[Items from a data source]
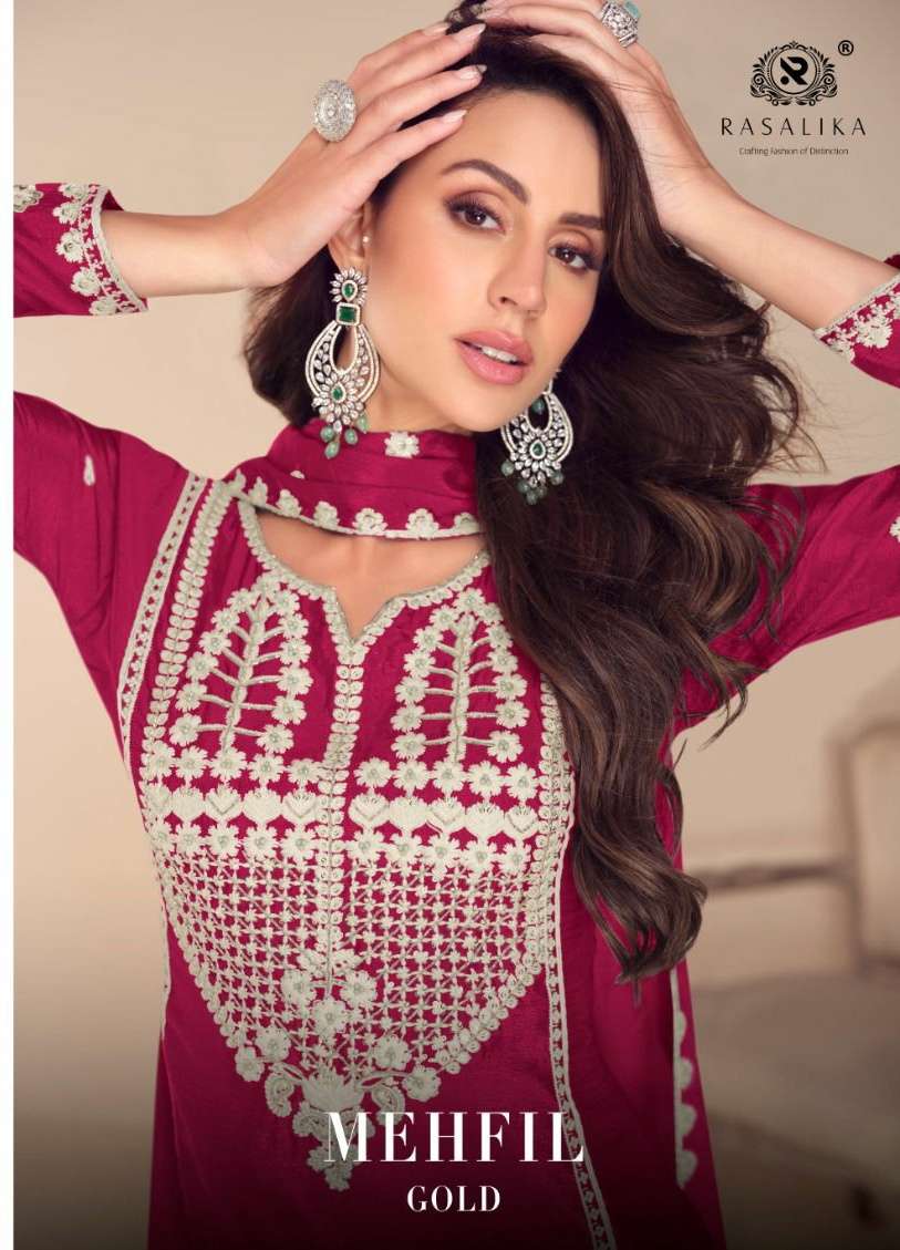 MEHFIL GOLD by RASALIKA Chinon Silk Suit collection manufacturer surat
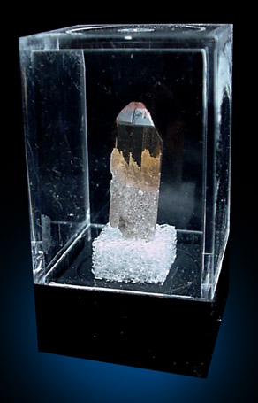 | Description: | Pristine crystal of sherry-colored topaz. The topaz crystal is flawless internally and has many complex faces on the termination. A great specimen - no damage. Mounted in display case for protection. |
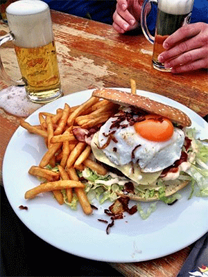 Mellan allt dansande på borden, med utsikt över hela St. Anton, rekommenderas en saftig Mario Matt-burger - även den är värd en guldmedalj.
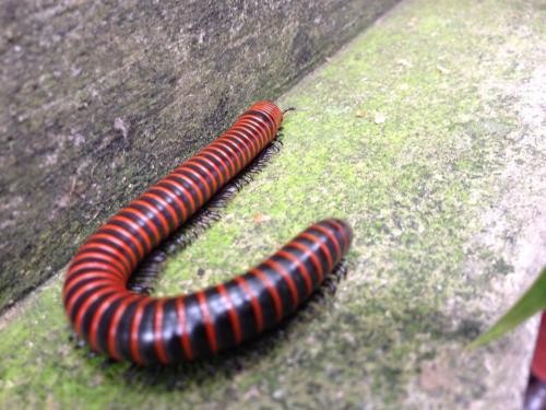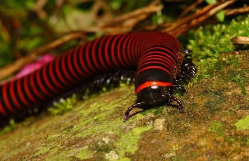 马陆虫其实就是我们常说的“千足虫”,它的身体有多节组成,每一个节都长有一对脚,生活在潮湿的地方,因为啃食植物幼苗。所以被看作是害虫,一般的体长为十几厘米,已发现的最大的马陆虫体长可达38厘米。
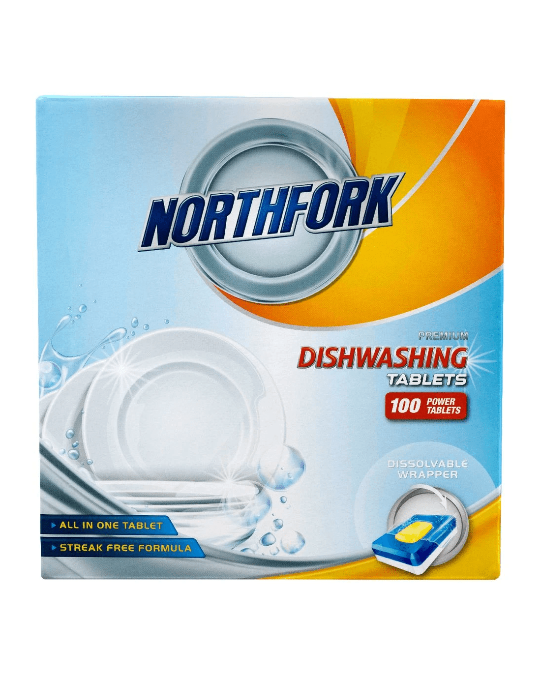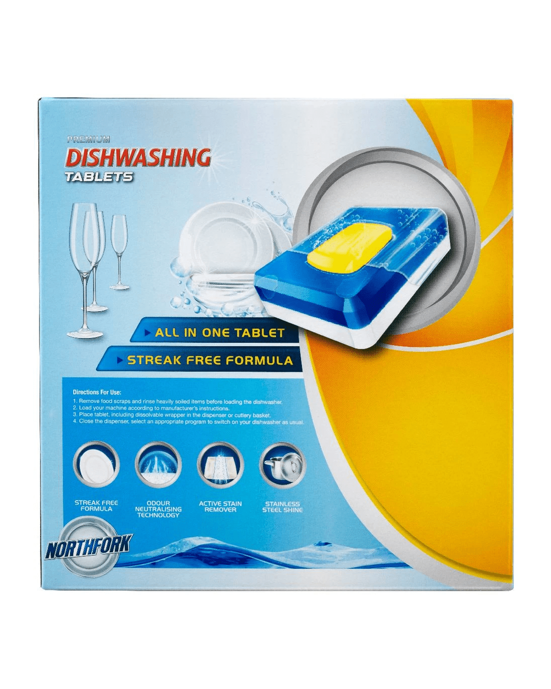 Northfork All In 1 Dishwashing Tablets combine an active stain remover and premium dishwashing ingredients to deliver clean, shiny and streak-free results. Each tablet comes individually wrapped in a dissolvable wrapper for cleaner, more hygienic use.
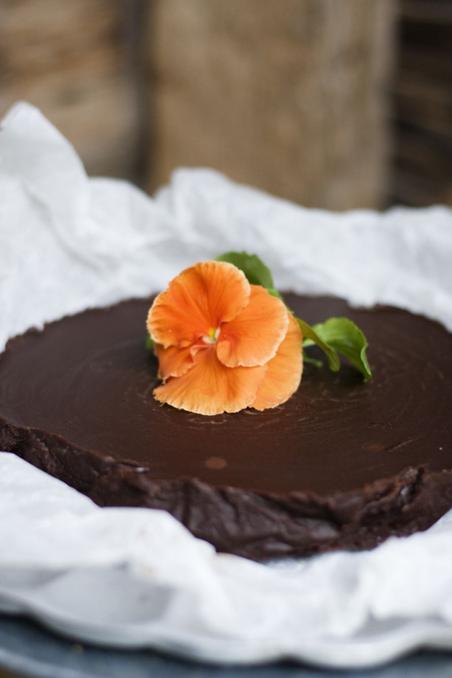 Vuoraa paistovuoka leivinpaperilla, myös reunoiltaan (saat kivan epätasaisen reunan kakkuun). Paista 180 asteessa 25-30 min. Kakku saa jäädä keskeltä pehmeäksi, joten älä paista liikaa! Anna tekeytyä ennenkuin isket lusikkasi kakkuun :)
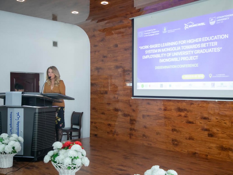 “Дээд боловсролын тогтолцоонд ажлын байранд суурилсан сургалтыг нэвтрүүлж, төгсөгчдийн хөдөлмөр эрхлэлтийг нэмэгдүүлэх нь” ERASMUS+MONGWBL төслийн үр дүнгийн хэлэлцүүлэг боллоо. Европын холбооны төлөөлөл Герман, Франц, Румын, Грек улсын их сургуулиуд, Монгол Улсаас БШУЯ, Отгонтэнгэр их сургууль, Санхүү эдийн засгийн их сургууль, Хөдөө аж ахуйн их сургууль, Дорнод их сургууль, Соёл урлагийн их сургууль, Төрийн банк, Голомт банк, Монголын аялал жуулчлалын холбоо хамтран энэ төслийг хэрэгжүүлж байна.
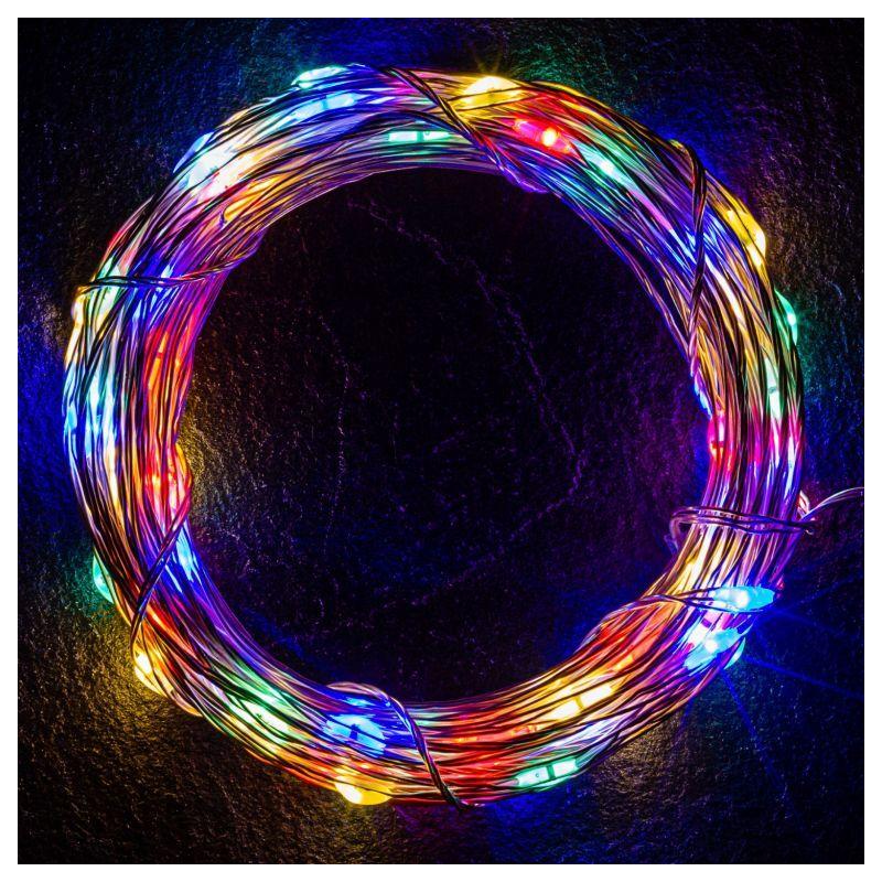 Sada 2 kusů vánočních řetězů s malými LED diodami na tenkém stříbrném drátku, které působí jemným a elegantním dojmem. Osvětlení je voděodolné (krytí IP44), takže je možno jej používat ve vnitřních i venkovních prostorech. Napájení je skrze adaptér z klasické elektrické zásuvky 230V. 2x50 pestrobarevných LED diod. Délka světelné části 5 m (plus 5 m napájecí kabel).
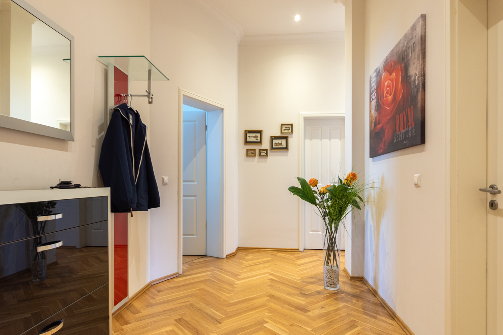 Bereits beim Betreten überzeugen die hohen Decken und ein edler Parkettboden im Fischgrätmuster, der in den Wohnräumen für eine warme, hochwertige Atmosphäre sorgt.
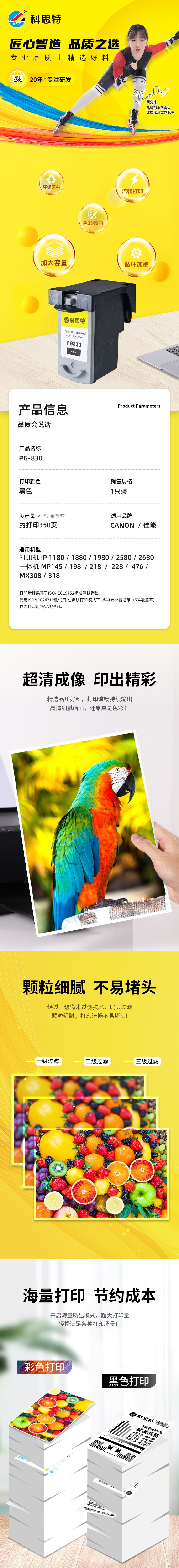 科思特 PG-830 打印量400页 适用佳能打印机 iP1180 1980 墨盒 (计价单位:盒) 黑色 黑色
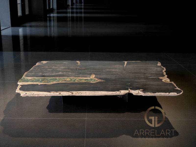 Table en bois pétrifié de 2 m de large, une pièce unique qui allie force et élégance naturelle. La surface polie révèle les tons sombres et beiges de la pierre, tandis que les bords conservent la texture originale du tronc. Sur l'un des côtés, des pierres précieuses aux tons verts s'intègrent de manière organique, créant un contraste fascinant et apportant une touche artistique et exclusive à cette table exceptionnelle.
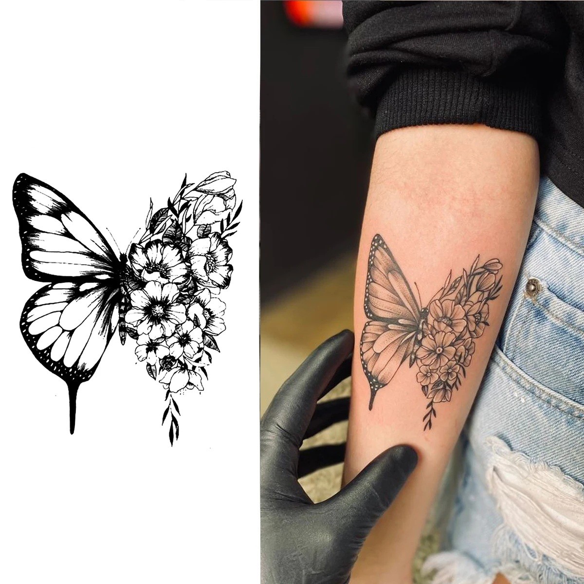 With its delicate design and long-lasting durability, this tattoo perfectly complements any outfit and style. Perfect for festivals, weddings, celebrations, or simply as a romantic accessory to your everyday look. Try the beautiful butterfly and flowers design that will add delicacy and natural charm to your skin!

What the exercise asks: Repeat exactly and only the lines from the one holding "Bereits beim Betreten" through the final line of the entries; no pictures.

Finished exercise:
 Bereits beim Betreten überzeugen die hohen Decken und ein edler Parkettboden im Fischgrätmuster, der in den Wohnräumen für eine warme, hochwertige Atmosphäre sorgt.
 科思特 PG-830 打印量400页 适用佳能打印机 iP1180 1980 墨盒 (计价单位:盒) 黑色 黑色
 Table en bois pétrifié de 2 m de large, une pièce unique qui allie force et élégance naturelle. La surface polie révèle les tons sombres et beiges de la pierre, tandis que les bords conservent la texture originale du tronc. Sur l'un des côtés, des pierres précieuses aux tons verts s'intègrent de manière organique, créant un contraste fascinant et apportant une touche artistique et exclusive à cette table exceptionnelle.
 With its delicate design and long-lasting durability, this tattoo perfectly complements any outfit and style. Perfect for festivals, weddings, celebrations, or simply as a romantic accessory to your everyday look. Try the beautiful butterfly and flowers design that will add delicacy and natural charm to your skin!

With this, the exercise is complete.